Fears of a major cyberattack on banks have been rising since hackers successfully stole nearly $100 million from Bangladesh’s central bank in February 2016. Shortly after that incident, Russian central bank officials disclosed that hackers stole more than $31 million (two billion rubles) from the country’s central bank and commercial banks. SWIFT, the predominant messaging network used by banks, warned that these kinds of cyberattacks are set to rise.
According to the Boston Consulting Group, financial firms are 300 times more likely than other institutions to experience cyberattacks. Almost all financial institutions have experienced a cyberattack in one form or another, and the amount of cyberattacks is only increasing. In 2019, Mastercard reported that they experience over 460,000 intrusion attempts each day, which is an increase of 70% from the year prior. Financial institutions are better at detecting and containing cyberattacks than they are at preventing them, an area that severely needs to be improved upon for the safety of the banks and its customers.
The financial industry has struggled to keep pace with technological innovation, particularly given the extensive regulation governing its operations.

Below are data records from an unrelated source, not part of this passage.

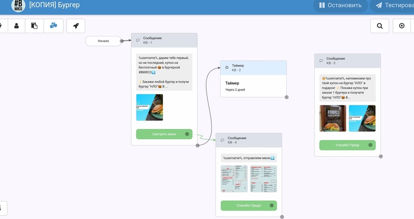 Конечно же, подробности скриптов, условий и самой рассылки раскрывать не буду. Все пишется индивидуально под Заказчика, опираясь на фирменный стиль, ценности и tone of voice заведения.
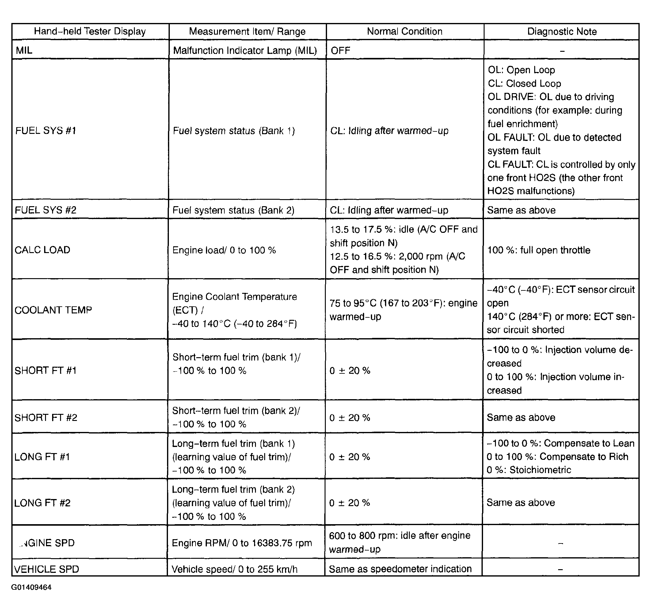 NOTE: In Fig 1 below, the values listed under "Normal Condition" are reference values. Do not depend solely on these reference values when deciding whether a part is faulty or not.- Warm up the engine.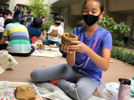 社会で縄文時代のことを学び、縄文式土器を作っています。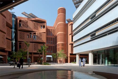 The Foster + Partners have completed the first of a cluster of solar powered buildings in Masdar city, Abu Dhabi in the United Arab Emirates. The Masdar Institute is a graduate level, research-oriented university which is focused on option energy, sustainability, and the environment, that will generate more solar energy than it consumes. The building features a perforated frontage made of glass-reinforced concrete colored with local sand and detailed with patterns found in traditional Islamic architecture.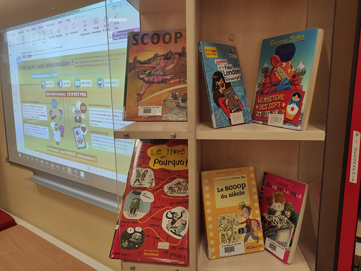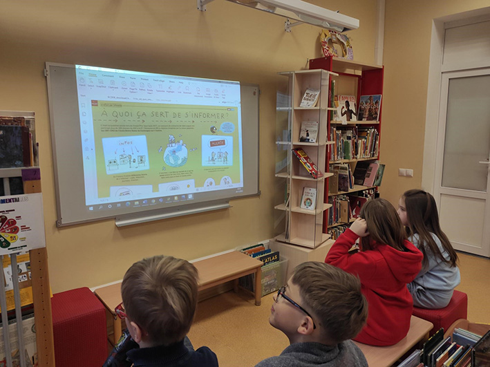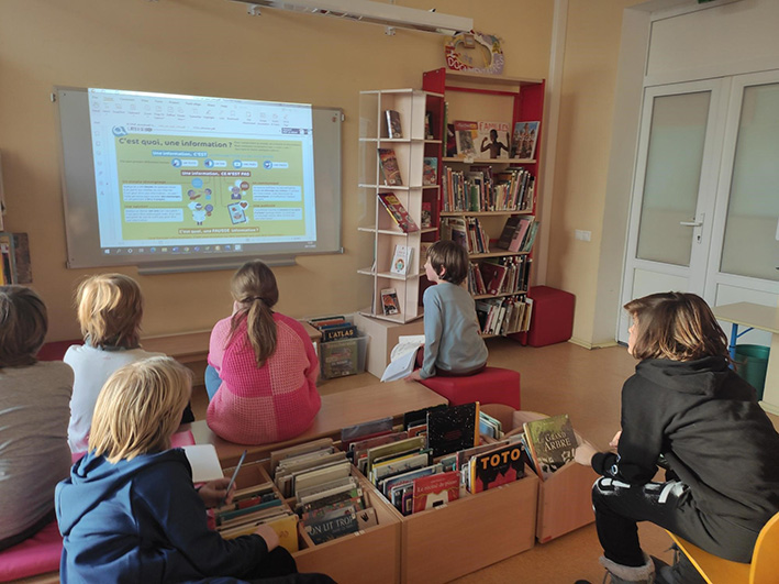 Quant aux élèves du cycle 3, les CM1 et les CM2 ont cherché des réponses à trois questions énigmatiques : C’est quoi les médias ? C’est quoi une information ? et A quoi ça sert de s’informer ? Et ce, en lisant des articles papier et en ligne tirés de l’hebdomadaire à destination des jeunes élèves de 8 à 12 ans 1jour1actu édité chez Milan Jeunesse. « Chaque semaine, l'actualité à hauteur d'enfants”, tel est le slogan de ce périodique dont la BCD a un abonnement, 40 numéros par an ! Un journal papier illustré, un site web, des podcasts, des vidéos, voici toutes les clés pour décoder l’information et décrypter l’actualité internationale et nationale de la semaine! Et, surprise ! l’actualité est partout, non seulement dans le journal qui est en fait un média, mais aussi à la télé, à la radio, sur le Web. C’est donc tout ça les médias ? Oui, bonne réponse ! Quel travail formidable assurent les journalistes français ! Enchantés par cette découverte, les élèves du cycle 3 sont fin prêts à accueillir prochainement à l’école Sylvain Tronchet, un journaliste à la Radio France, qui leur parlera de son métier, présentera ses outils de travail et répondra aux questions.
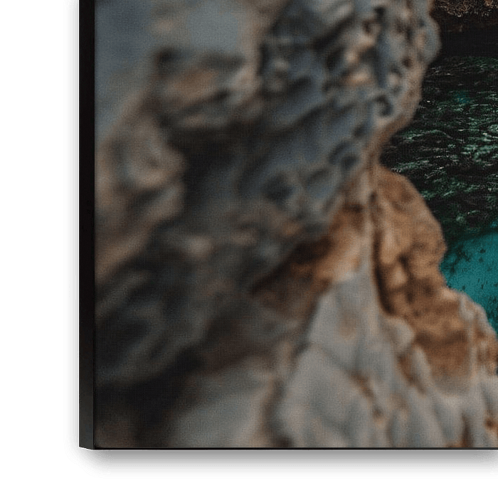 Laat de schoonheid van de natuur je interieur verrijken met deze adembenemende fotoprint. Een turquoise waterweg kronkelt door een imposante rotskloof, omlijst door weelderig groen. Het kristalheldere water reflecteert de lucht en de rotsen, waardoor een betoverend schouwspel ontstaat. Deze print brengt de rust en sereniteit van de natuur in huis en is een perfecte aanvulling op elke moderne interieurstijl.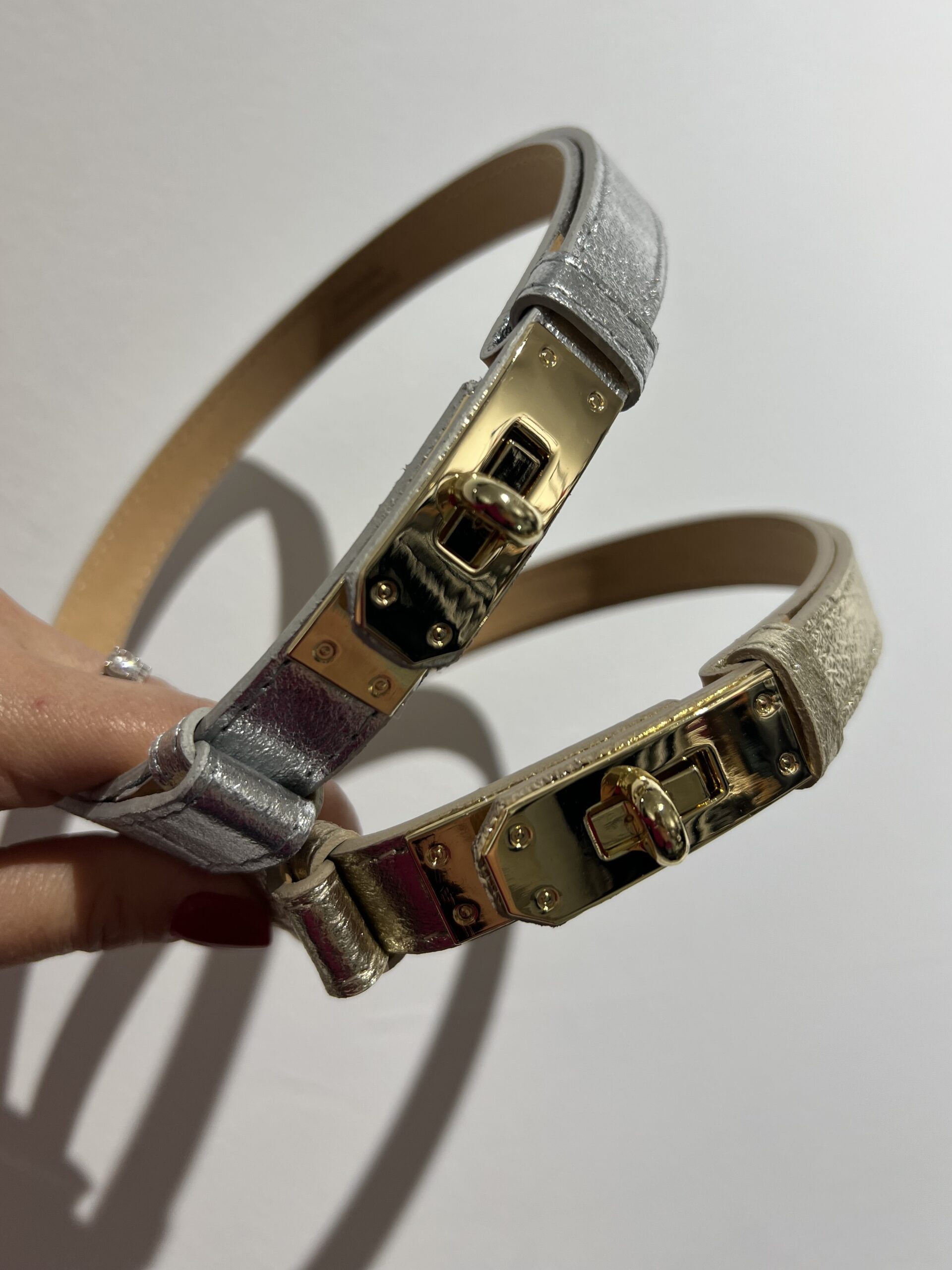 Cintura in vera pelle laminata, modello regolabile, chiusura con morsetto.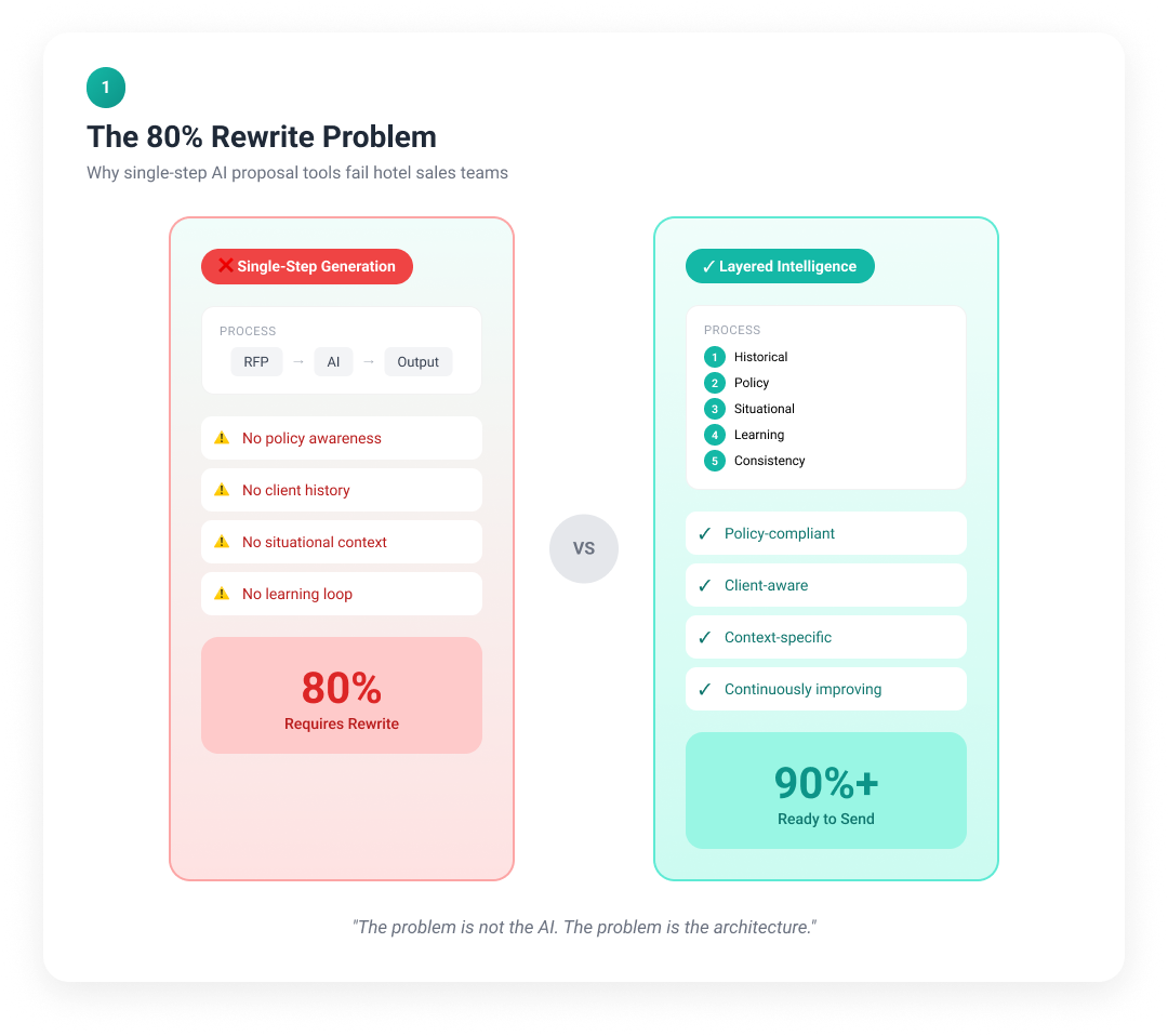 Most AI proposal tools don’t optimize for hotel sales. Discover how a layered intelligence architecture ensures accurate, policy-compliant proposals every time.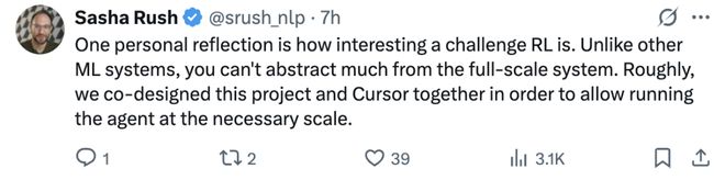 • 和其他機器學習方法不同,強化學習幾乎無法從完整系統里抽象出太多內容。所以我們讓Composer和Cursor一同設計,確保它能在真實規模下順暢運行。

While legacy technology may seem like just an inconvenience to consumers, it has become a major security risk for commercial banks, insurance companies, and their consumers. At the same time, hackers have benefited from new technologies that make it easier to hack into these legacy banking systems.
For example, the so-called two-factor authentication is a nearly bullet-proof way to secure consumer bank accounts. Banks send a temporary code to the consumer’s cell phone before allowing them to log in, which means hackers would need access to both the computer and the cell phone to gain access to the account. Despite the effectiveness of the method, several major banks don’t use two-factor authentication to protect consumer bank accounts. A large reason for this is that consumers find it to be frustrating and time-consuming.
Impact of Cyberattacks on Banks
Consumers have relatively little to lose from cyberattacks on banks, provided they weren’t lax about safeguarding their information, and they quickly notify the bank if funds are missing. U.S. federal law requires banks to refund customers if someone takes money from their account without authorization and they notify the bank within 60 days of the transactions appearing on their bank statement. Business accounts, however, have fewer protections and could be subject to greater losses.
Banks themselves have fewer assurances from the federal government that they would remain solvent if a major cyberattack were executed. According to some experts, the Financial Stability Oversight Council has largely failed to acknowledge and plan for cyberattacks that threaten the solvency of a major bank. These attacks could target bank processing systems and disrupt critical financial transactions needed to avoid margin calls, for example, triggering a default.
The U.S. government is aware that cyberattacks to financial institutions are a national security threat. The Federal Reserve claims that because of the interconnectivity of banks, the spillover effect of cyberattacks is great. They claim that a cyberattack on any of the five most active U.S. banks could affect 38% of the network. They also claim that cyberattacks on six small banks with less than $10 billion in assets could threaten one of the top five U.S. banks. It's important for institutions to realize that online connectivity has no borders and so the rapid spread of a cyberattack is a crucial element to address in cybersecurity.
Many banks already see millions of attempted attacks each year, resulting in modest losses, but the precedent set by the SWIFT hack on central banks indicates that these attacks are rapidly becoming more sophisticated and that institutions aren't keeping up as quickly as hackers.
The Bottom Line
Cybersecurity has become a paramount concern for the banking sector, but some banks have been hesitant to implement much-needed security measures. In addition, regulators have been slow to develop a plan to address major attacks if and when they occur. Consumers may be able to recover their money under federal law, but some experts are concerned that the escalating attacks could render a major bank insolvent if successful, or at least create a panic that leads to a run on a bank.